2017: Modi visited the United States in June and held his first meeting with the then-US President Donald Trump.
Observers noted that not much of significance was achieved during the visit but the visit was generally considered to have gone well as continuity from the previous administration into the Trump administration was established. At a time when the world was still trying to figure out how to deal with unconventional style of Trump, India secured some key common grounds during the visit.
"In what will no doubt be seen as a major victory for Modi domestically in India, Trump took on the issue of terrorism head-on, highlighting that the U.S. and India would 'destroy radical Islamic terrorism'...The language in the joint statement on Pakistan’s culpability for the use of its territory by militant groups and terrorist was characteristically sharp," noted Ankit Panda in an article for The Diplomat.
2019: The week-long visit of the United States in 2019 in a way sought to mirror the 2014 visit. If the 2014 visit announced Modi at the world stage, then Modi sought to reassert himself more aggressively in 2019. While 20,000 people attended the Madison Square Garden event in New York, around 50,000 attended the Howdy Modi event during the 2019 visit in Texas.
Modi also addressed the 74th session of the UN General Assembly during the visit. He also met Trump on the sidelines of the UNGA session.
The 'Howdy Modi' event was graced by around 400 performers and, with 50,000 in attendance, it was among the rarest and largest-ever receptions for any foreign leader in the United States.
Brajesh Upadhyay of BBC News noted, "The personal-touch diplomacy with Mr Modi's trademark bear hugs was played to perfection. This rally has been called a win-win for both the leaders. For President Trump, it was a chance to court Indian-Americans for the 2020 presidential election race where Texas could emerge as a battleground state. For Mr Modi, a PR triumph and picture with the president of the United States may help him shrug off the criticism over his recent strong-arm polices at home."
Some also criticised the visit for lacking in substance and the Texas rally for resembling a Trump reelection campaign.
2021: Modi visited the United States for the Quad Summit in 2021. Besides the Quad meeting, he met Biden and Vice President Kamala Harris separately as well.
The visit touched upon the issue of Covid-19 pandemic response, the Indo-Pacific strategy with China in the crosshairs, climate change, etc. The issues of regional security, critical technology, and cybersecurity were also discussed.

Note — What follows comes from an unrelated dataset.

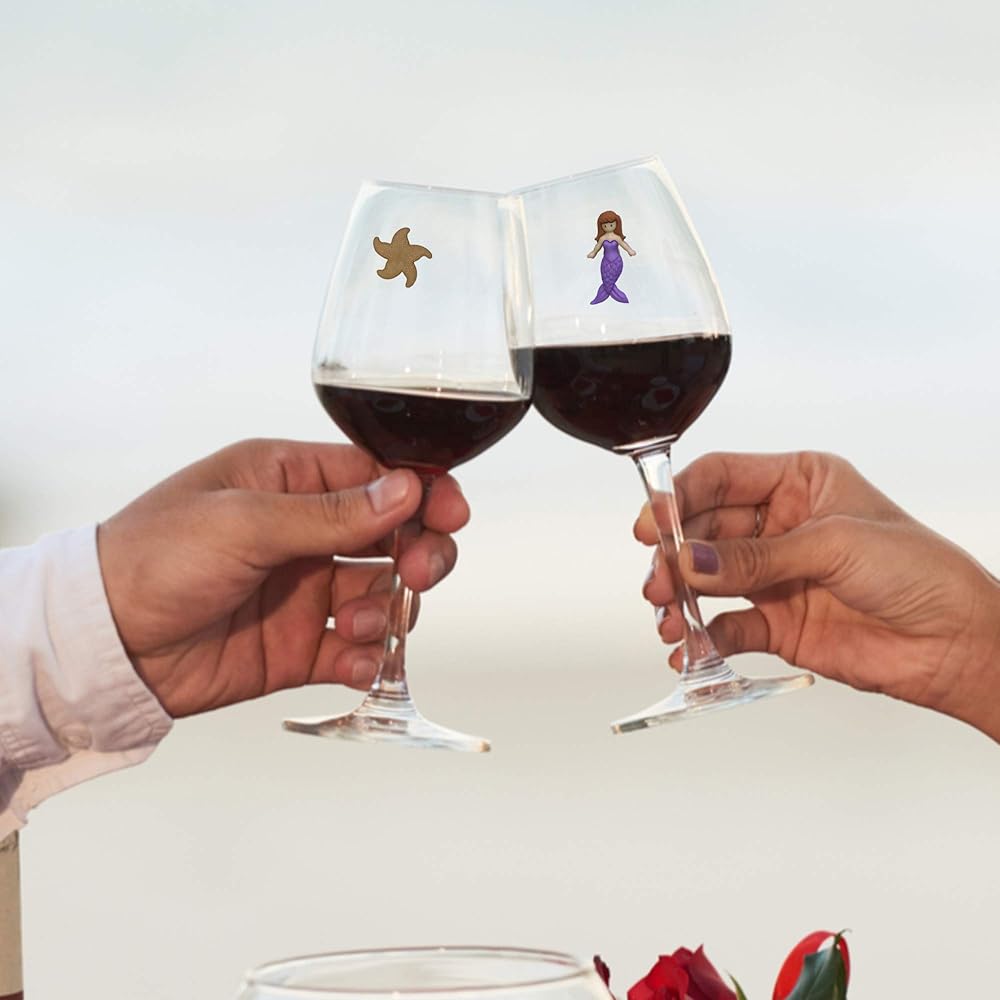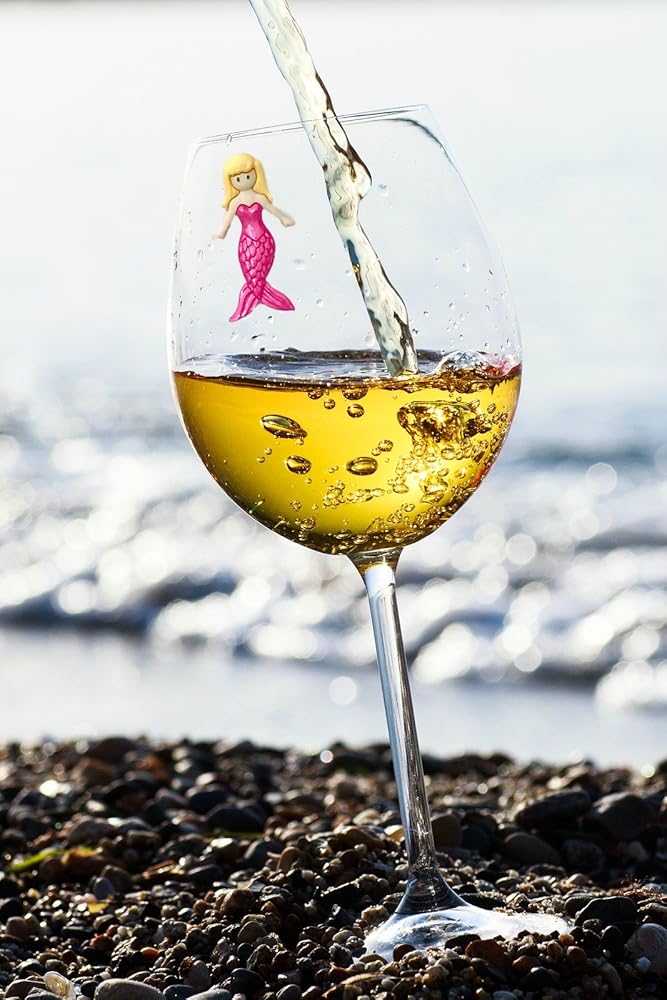 FUN MERMAID GIFT FOR WOMEN These colorful, whimsical mermaids make a unique wine gift. They appear to be magically sticking to the glass, but are actually attaching THROUGH the glass with two strong magnets.

The highlight of the visit remained the Quad Summit. The Quad has emerged as a major grouping for the Indo-Pacific region. Leaders and officials have met with increasing frequency under the Quad framework and, though the leaders say it's not against anyone, the increasingly aggressive China and its muscle-flexing has further fuelled the convergence of Quad members.
"While its specific outcomes—agreements to cooperate on COVID-19 vaccines and bolster semiconductor supply chains, as well as to establish a student scholarship program—were relatively modest, the summit successfully laid the foundation to advance three strategic goals: countering China, aligning India, and revitalizing alliances," noted think tank Atlantic Council in an article.